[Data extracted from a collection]
=-=-=

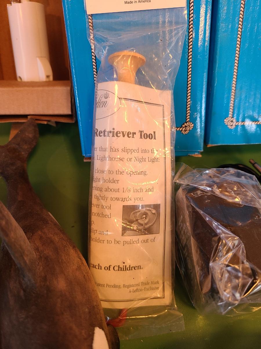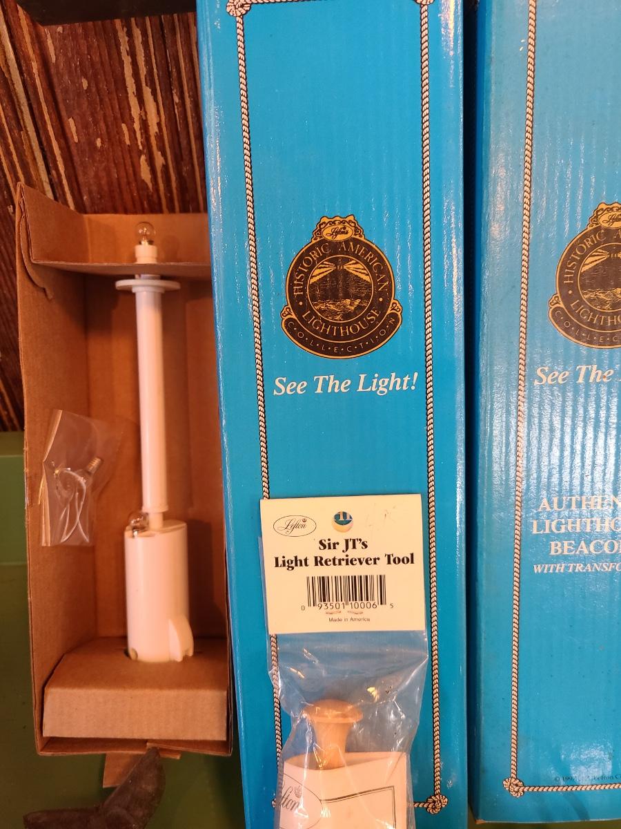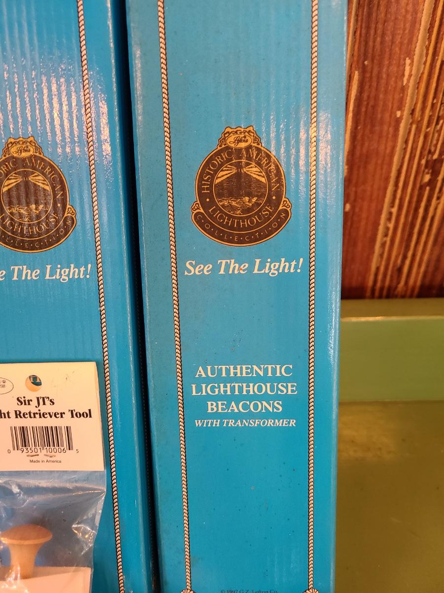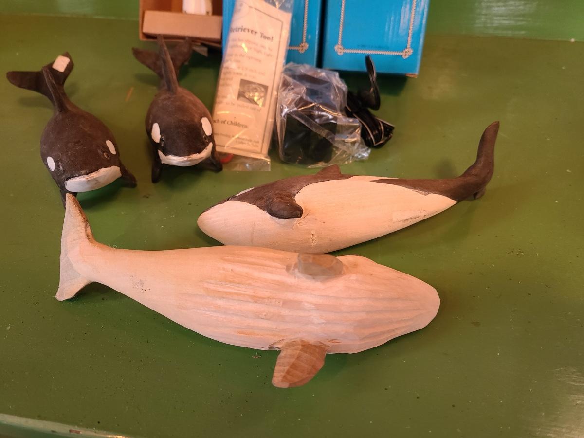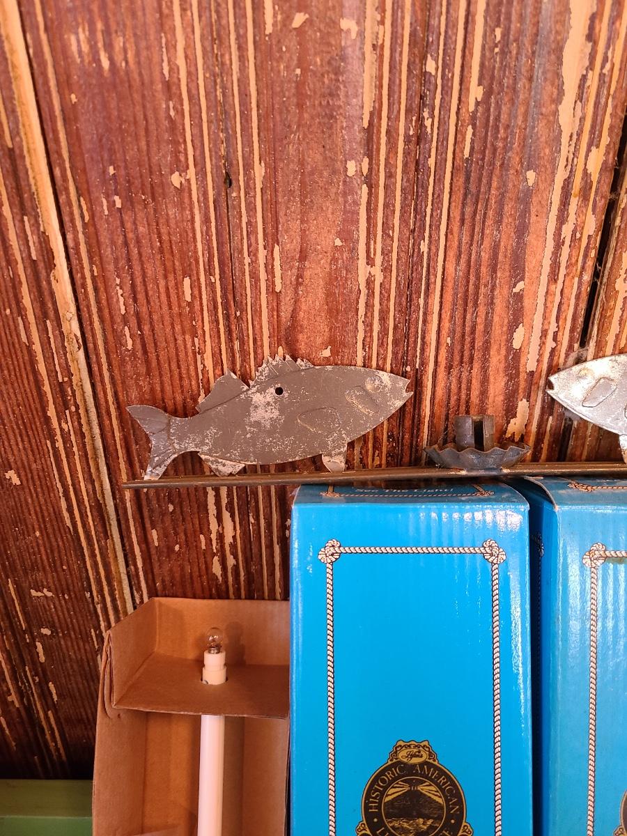 LOT 127: Wood Carved Whales, Tin Fish Candle Holder & Lefton Lighthouse Beacon Lights
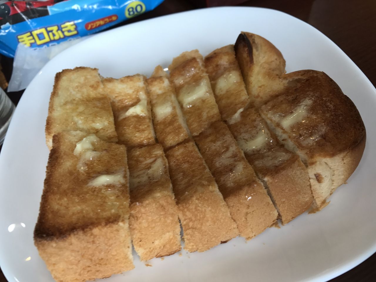 コーヒーにはつまみが無いといまいち進まない愛知県みんな奥さんのためにトーストをあつらえました。
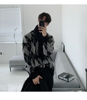 冬の厚みのあるラウンドネックセーターメンズルーズで怠惰なスタイルバージョントレンドダイヤモンドニットセータートップカジュアルジャケット ウィンター 冬物 Oネック BLUU3379258725
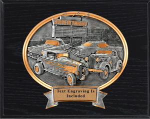 8" x 8 1/2" oval custom roadster car and drive-in scene
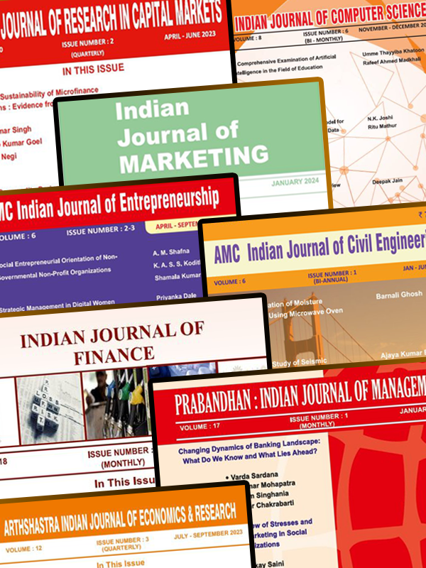 MEGA COMBO OF 8 JOURNALS: Indian Journal Of Marketing Indian Journal Of Finance Prabandhan Indian Journal Of Management Arthshastra Indian Journal Of Economics And Research Indian Journal Of Research In Capital Markets AMC Indian Journal Of Entrepreneurship AMC Indian Journal Of Civil Engineering And Indian Journal Of Computer Science.
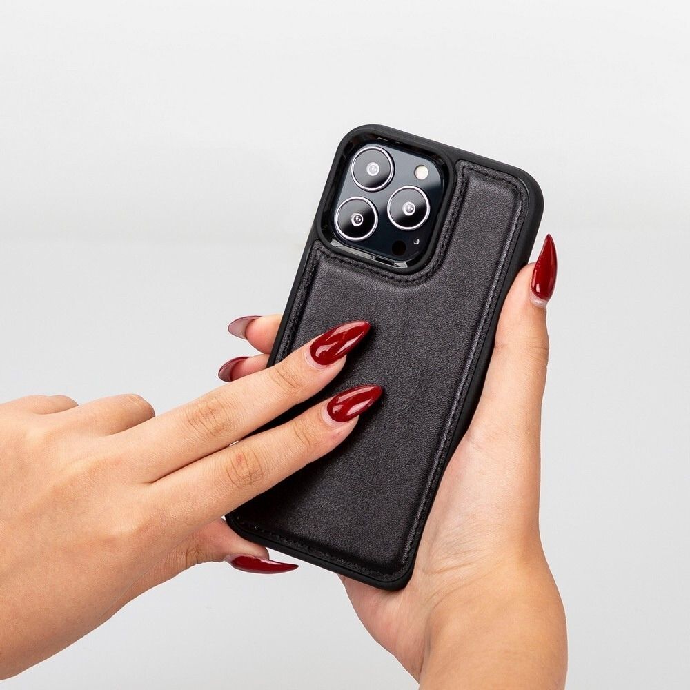 Bouletta Apple iPhone 15 Pro Max Uyumlu Deri Arka Kapak RST1 Siyah
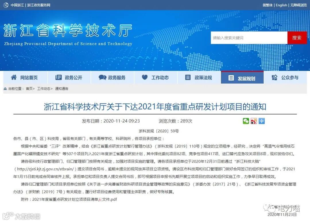 近日,浙江省科学技术厅发布《浙江省科学技术厅关于下达2021年度省重点研发计划项目的通知》。根据中央和省委“三评”改革精神,结合《浙江省重点研发计划暂行管理办法》(浙科发规〔2019〕110号)规定的立项程序,经研究,决定将“高温气冷堆用核石墨国产化辐照蠕变技术研究”等507个项目列入2021年度浙江省重点研发计划,其中与电相关的项目共有11个,这些项目将能获得省财政科研项目资金支持。
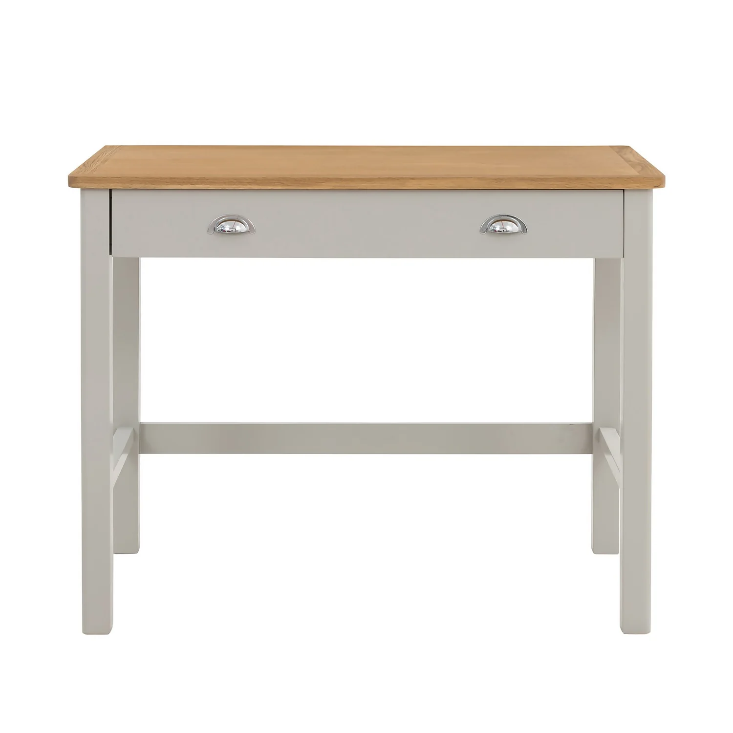 We’ve worked hard to make Norbury our most family-friendly range yet. We’ve softened all the edges, even the legs, so there are no sharp corners here. This compact collection has a small footprint. Meet our oak Norbury desk table. With its classic oak finish and cup handles, it has a charming timeless design. The top is deep enough to fit larger sized monitors and there is ample space for a keyboard or laptop. The wide drawer makes taking care of paperwork that bit easier. Whether this is your home office desk or a place to study, create a workspace you’re happy to spend time in with Norbury.
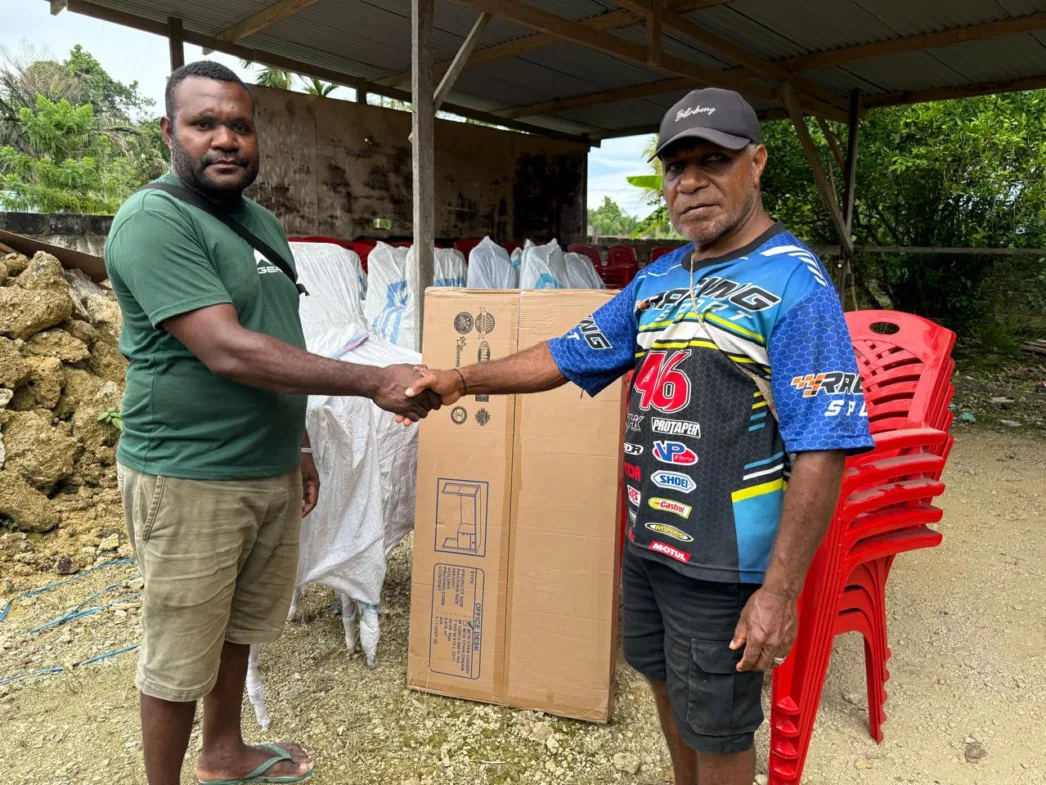 Sementara itu, Nimrot Serigenam Yaas, Kepala Kampung Aurimi, menyebut bantuan ini sebagai inventaris pertama yang diterima balai kampung mereka.
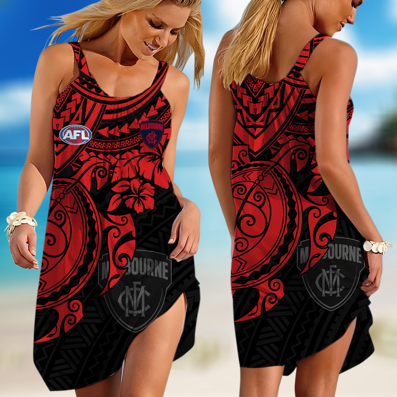 Epic Fanatic GearAFL Melbourne Football Club Polynesian Sleeveless Summer Beach Sundress for Women
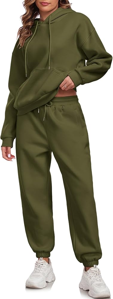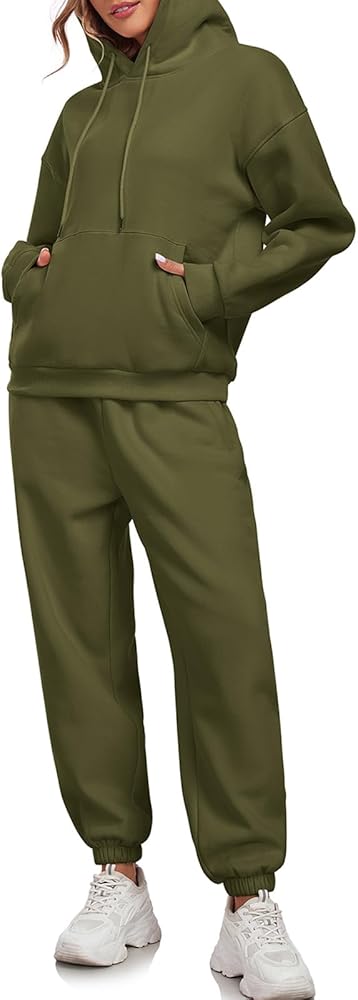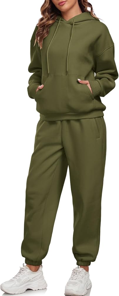 SUPER SOFT AND COMFORTABLE FABRIC: Womens 2 piece outfits lounge hoodie sweatsuit sets, made of 50% polyester and 50% cotton, the thick fabric is soft, cozy and warm, hoodie and sweatpants set for women, which makes you feel warm and free, two piece loungewear sets for women, and the loose fit provides more room for your shoulders and arm area, so you can move freely even in winter
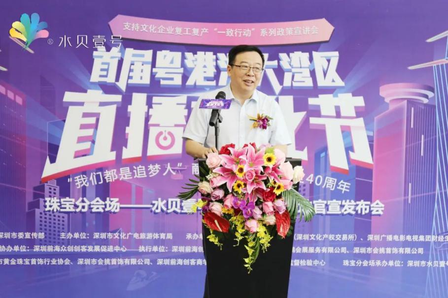 見圳客戶端·深圳新聞網(wǎng)2020年7月21日訊 昨日,支持文化企業(yè)復(fù)工復(fù)產(chǎn)“一致行動(dòng)”系列政策宣講會(huì)暨粵港澳大灣區(qū)直播文化節(jié)珠寶分會(huì)場“水貝壹號品牌珠寶集聚地”官宣發(fā)布會(huì)在水貝壹號舉行,標(biāo)志著首屆粵港澳大灣區(qū)直播文化節(jié)珠寶分會(huì)場“水貝壹號品牌珠寶集聚地”活動(dòng)正式啟動(dòng)。
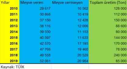 TÜİK verilerine göre 2019 yılında fıstık üretimi yüzde 64,4 ile büyük bir kayıp yaşamış ve Türkiye genelinde 85 bin tona kadar gerilemişti.

=-=-=

-- Task to carry out --
"MEGA COMBO OF" marks the last line to keep. Retype every line from the start of the entries through that one, exactly, and drop the pictures.

-- Answer area --
 LOT 127: Wood Carved Whales, Tin Fish Candle Holder & Lefton Lighthouse Beacon Lights
 コーヒーにはつまみが無いといまいち進まない愛知県みんな奥さんのためにトーストをあつらえました。
 冬の厚みのあるラウンドネックセーターメンズルーズで怠惰なスタイルバージョントレンドダイヤモンドニットセータートップカジュアルジャケット ウィンター 冬物 Oネック BLUU3379258725
 8" x 8 1/2" oval custom roadster car and drive-in scene
 MEGA COMBO OF 8 JOURNALS: Indian Journal Of Marketing Indian Journal Of Finance Prabandhan Indian Journal Of Management Arthshastra Indian Journal Of Economics And Research Indian Journal Of Research In Capital Markets AMC Indian Journal Of Entrepreneurship AMC Indian Journal Of Civil Engineering And Indian Journal Of Computer Science.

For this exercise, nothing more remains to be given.